Whether phyllodes tumors are benign, borderline, or malignant, the treatment is the same: surgery to remove the tumor, along with at least 1 centimeter of surrounding healthy breast tissue. Some doctors feel that an even wider margin of healthy tissue should be removed. This approach is sometimes called "wide excision."
Wide excision is important because studies have shown that when wide excision is not done, phyllodes tumors are more likely to recur (come back) in the same area of the breast. This is true whether the tumor is benign or malignant.

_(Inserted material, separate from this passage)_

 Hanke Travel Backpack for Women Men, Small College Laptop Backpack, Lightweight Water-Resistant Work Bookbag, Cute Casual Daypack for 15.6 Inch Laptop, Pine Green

If you had a phyllodes tumor removed with excisional biopsy, you may need to have surgery again to achieve these wide margins around the tumor. This can mean having a lumpectomy, or in some cases, mastectomy. If your phyllodes tumor was benign, you and your doctor may feel comfortable watching the area closely instead of operating again. In most cases, though, more surgery is recommended.
Possible surgical procedures to achieve wide excision for phyllodes tumors are:
- Lumpectomy: The surgeon removes the tumor (the "lump") and at least 1 cm of normal tissue surrounding it.

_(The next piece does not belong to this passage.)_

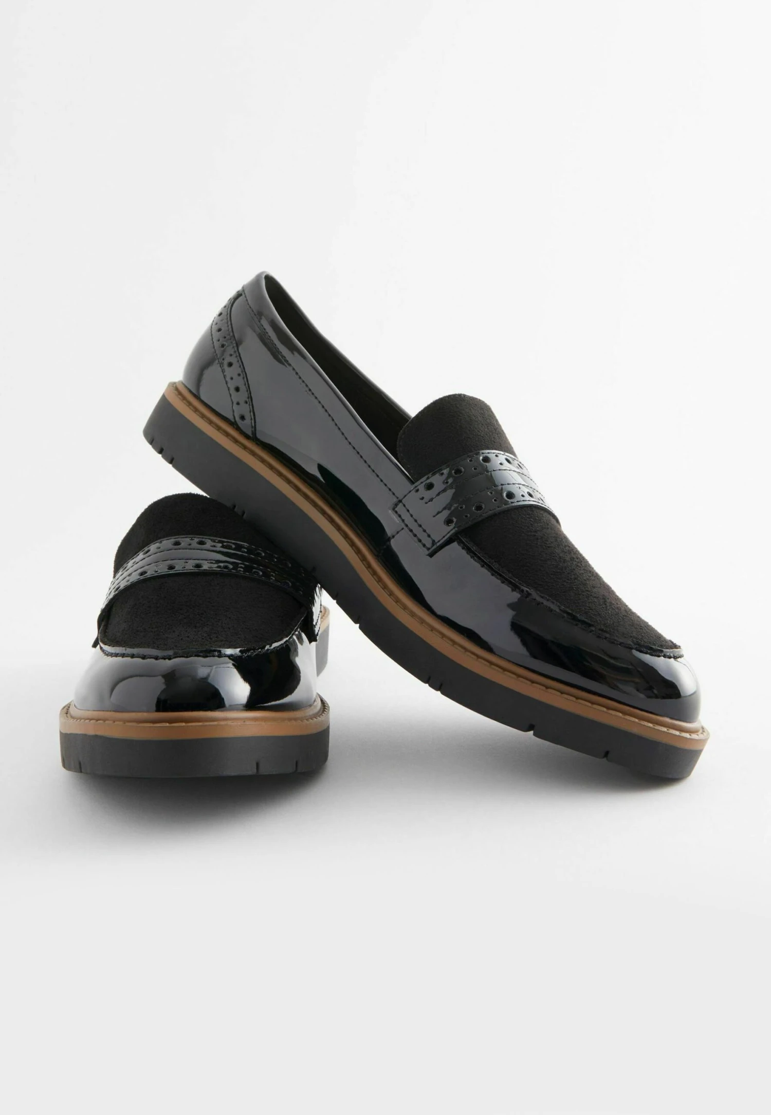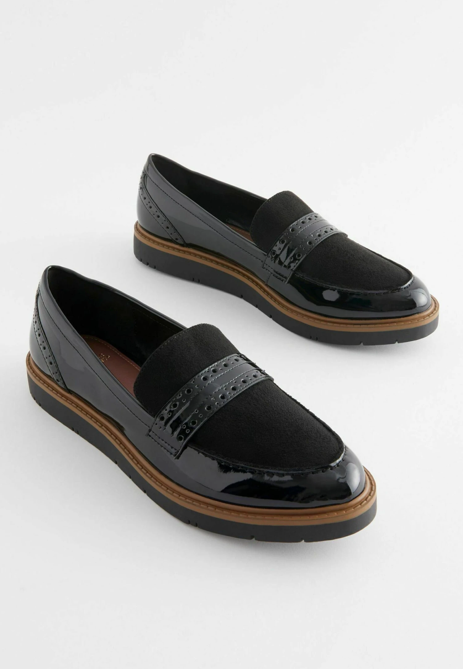 Next Forever Comfort Brogue Detail Chunky Loafers Standard – Mocassins – Black

If the phyllodes tumor is very large and/or the breast is small, it may be too difficult to do a wide excision and preserve enough healthy breast tissue to achieve a natural look. In this case, your doctor may recommend mastectomy:
- Partial or segmental mastectomy: The surgeon removes the portion of the breast that contains the phyllodes tumor.

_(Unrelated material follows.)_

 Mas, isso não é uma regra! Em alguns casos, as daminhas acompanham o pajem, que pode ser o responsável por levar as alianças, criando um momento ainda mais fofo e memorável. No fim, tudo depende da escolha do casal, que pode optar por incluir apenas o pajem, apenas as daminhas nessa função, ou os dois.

- Total or simple mastectomy: The surgeon removes the entire breast, but nothing else (such as lymph nodes or muscle).
If you feel strongly about having a lumpectomy rather than mastectomy, your doctor may agree to remove a smaller margin of healthy tissue. However, a margin of less than 1 cm does increase the risk of recurrence later. You and your doctor can work together to decide what's best for your situation.
Phyllodes tumors rarely spread to the underarm lymph nodes, so in most cases it is not necessary to remove any of them.
Malignant phyllodes tumors are rare. In cases of malignant phyllodes tumors that have not spread outside the breast, radiation may be used. If a malignant phyllodes tumor has metastasized to other parts of the body, treatment would include chemotherapy.